The Battle of Livergnano
The 91st Infantry Division had come to the most formidable natural barrier between the Santerno and the Po. A rocky escarpment rising at some points over 1,800 feet high. In places, especially in the upper half of the cliff, it is a perpendicular rock wall. From the rock rim the Germans commanded every approach from the south. Rising above the rim was a lateral series of hills, all dominating Highway 65. Each one was a prepared strong point from which the high plateau lying behind the rock rim could be covered with machine gun and mortar fire.
Only two breaks in the wall existed by which the plateau could be reached. One lay just north of Bigallo and the other was a cut at Livergnano through which Highway 65 runs. Accordingly the 2nd Battalion, 361st Infantry was ordered to move east to the cut north of Bigallo, and on the left, the 1st Battalion was ordered to attack Livergnano.
The fighting of the next few days was the most grinding and heartbreaking the 91st Division has ever encountered. On the right the 2nd Battalion started up the cut north of Bigallo. There was no trail at this point, but it was possible by sheer scaling and climbing to reach the plateau. Riflemen slung their rifles over their shoulders and "hung and crawled with their fingers and toes." The machine gunners disassembled their weapons and each squad member carried parts in his pockets or pack. At one point on the way, Companies E and G had to cross a narrow ledge which the Germans had zeroed in. Only by running a few men across at a time did the companies clear the obstacle and make their way forward.

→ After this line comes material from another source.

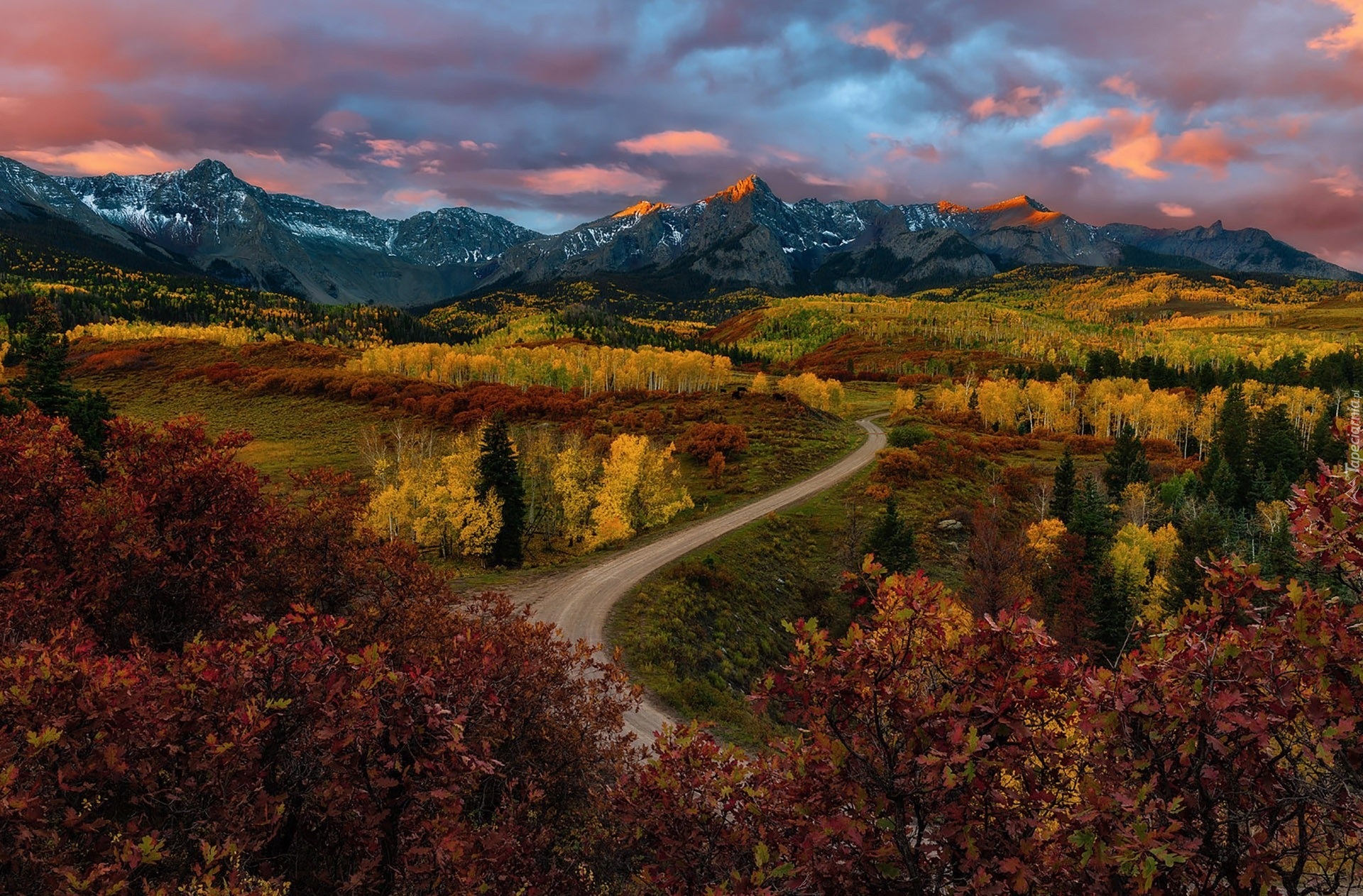 Edytor tapety: Kręta droga ku górom przez jesienne lasy

On the left, Company K entered Livergnano only to be caught in a trap. Herded by the bands of fire of cleverly placed machine guns, the company was trapped in a building which the Germans then systematically demolished by point-blank tank fire. Despite desperate attempts by other companies to fight their way to them, and by the full power of the artillery to blast the enemy out of the town, only a few of the company escaped to tell their story. Livergnano became a blazing inferno shelled from both sides.
While the infantry fought savagely on the ground, the artillery and the air support blasted enemy strong points. The artillery fired 8,400 rounds of all types, most of them in an arc about Livergnano. This artillery power was augmented by position firing by tank destroyers. These blasted the caves and houses of Livergnano and machine gun and mortar emplacements. In the air medium bombers attacked bridges and supply dumps, while fighter bombers flew 250 sorties against troop concentrations and gun areas.
On the Top
For the attack at 0600, 13 October the artillery laid down a tremendous concentration of 2,120 rounds in 16 minutes. There was better progress all across the Division front during the day, and it became clear that the enemy had at last begun to withdraw under the steady pounding they had received from the bombers, the artillery, and the infantry. Gradually the whole line fell back. Hills were taken and Livergnano occupied, despite the continued shelling.
The 2nd Battalion slowly fought its way northwest, cleaning out the positions along the rim of the escarpment. It rejoined the rest of the 361st Infantry on Highway 65 north of Livergnano. The 363rd Infantry fanned out from the east cut and occupied the right sector of the Division front.
Thus at the end of the day the lines had been straightened and the flanks secured. The enemy line, referred to by many of the captured German prisoners as the Caesar Line, had been overrun and the escarpment had been conquered. Enemy casualties had been heavy, and many prisoners had been taken -- 225 on 12-13 October.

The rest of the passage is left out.